# ClickHouse Internals: How a Columnar OLAP Engine Actually Hits Billions of Rows a Second

🟡 This is Part 1 of a 3-part series: ClickHouse Deep Dive

1. Internals: How a Columnar OLAP Engine Actually Works (you are here)

1. [Schema Design, ORDER BY, and Query Optimization](clickhouse-schema-query-optimization)

1. [Insert Performance & Real-Time Streaming](clickhouse-ingestion-streaming)

The first time you run a `GROUP BY` over a billion-row table in ClickHouse and it comes back in under a second, the honest reaction is suspicion. Surely it's lying — caching, sampling, something. It isn't. ClickHouse really did scan the columns it needed, decompress them, and aggregate, all in the time a row-store would still be planning. The speed isn't a trick; it's a set of design decisions that compound. This article is about those decisions, because once you can see them, ClickHouse stops being magic and starts being predictable — which is exactly what you need when a query that should be fast isn't.

I'm going to open four boxes in order: **columnar storage** (why reading a column is cheap), the **MergeTree part-and-merge model** (how rows land on disk and stay sorted), the **sparse primary index and granules** (how ClickHouse decides what *not* to read), and **vectorized execution** (how it crunches what's left). Then we trace one query through all of them. [Part 2](clickhouse-schema-query-optimization) turns this into schema and query tuning; [Part 3](clickhouse-ingestion-streaming) turns it into an ingestion and streaming playbook.

## Columnar storage: read the column, not the row

A row store (Postgres, MySQL) keeps all of a row's fields together on a page. Great for "fetch this one order and everything about it." Terrible for "average `amount` across 800 million orders," because to read one column you drag every other column through memory with it.

ClickHouse stores each column in its own file. The `amount` column is a contiguous stream of `amount` values; `customer_id` is a separate stream; and so on. An analytical query touches a handful of columns out of dozens, so it reads a handful of files and ignores the rest entirely. You pay I/O only for the data the query actually references — the single biggest reason OLAP wants columns.

Storing values of one type together has a second payoff that matters as much as the first: **compression gets dramatically better**. A column of timestamps, or of a few hundred distinct status strings, is far more regular than a row's worth of mixed types. Better compression means fewer bytes off disk, and disk (or object storage) bandwidth is usually the real ceiling. Columns turn one logical read into less physical I/O twice over — fewer columns, and each column smaller.

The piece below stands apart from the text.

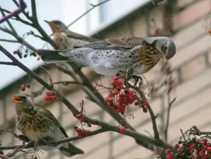 А вот дрозды и свиристели за здоровое питание! Птицы едят, по большей части, лишь ягоды рябины, которые остаются в городских парках и садах.

## MergeTree: parts, sorting, and background merges

**MergeTree** is the storage engine behind essentially every serious ClickHouse table, and the entire engine family (`ReplacingMergeTree`, `SummingMergeTree`, `AggregatingMergeTree`, and the rest, all covered in [Part 2](clickhouse-schema-query-optimization)) is built on its mechanics. Understand MergeTree and you understand 90% of ClickHouse's on-disk behavior.

The model is this. Every `INSERT` writes a new **part** — an immutable, self-contained directory on disk holding the inserted rows, already **sorted by the table's `ORDER BY` key**. A part contains the per-column data files (`.bin`), the marks files that index into them (`.mrk2`), and the primary index (`primary.idx`). Parts are never modified in place. To change data you write new parts; to delete you write tombstones that take effect on the next merge.

Left alone, frequent inserts would produce thousands of small parts, and a query would have to open all of them. So a background process continuously **merges** small parts into larger ones — reading several sorted parts and producing one bigger sorted part, then dropping the originals. This is conceptually like LSM-tree compaction, with one important difference: ClickHouse doesn't buffer rows in an in-memory memtable first. Each insert is flushed directly as a sorted part on disk, and merging happens entirely in the background afterward.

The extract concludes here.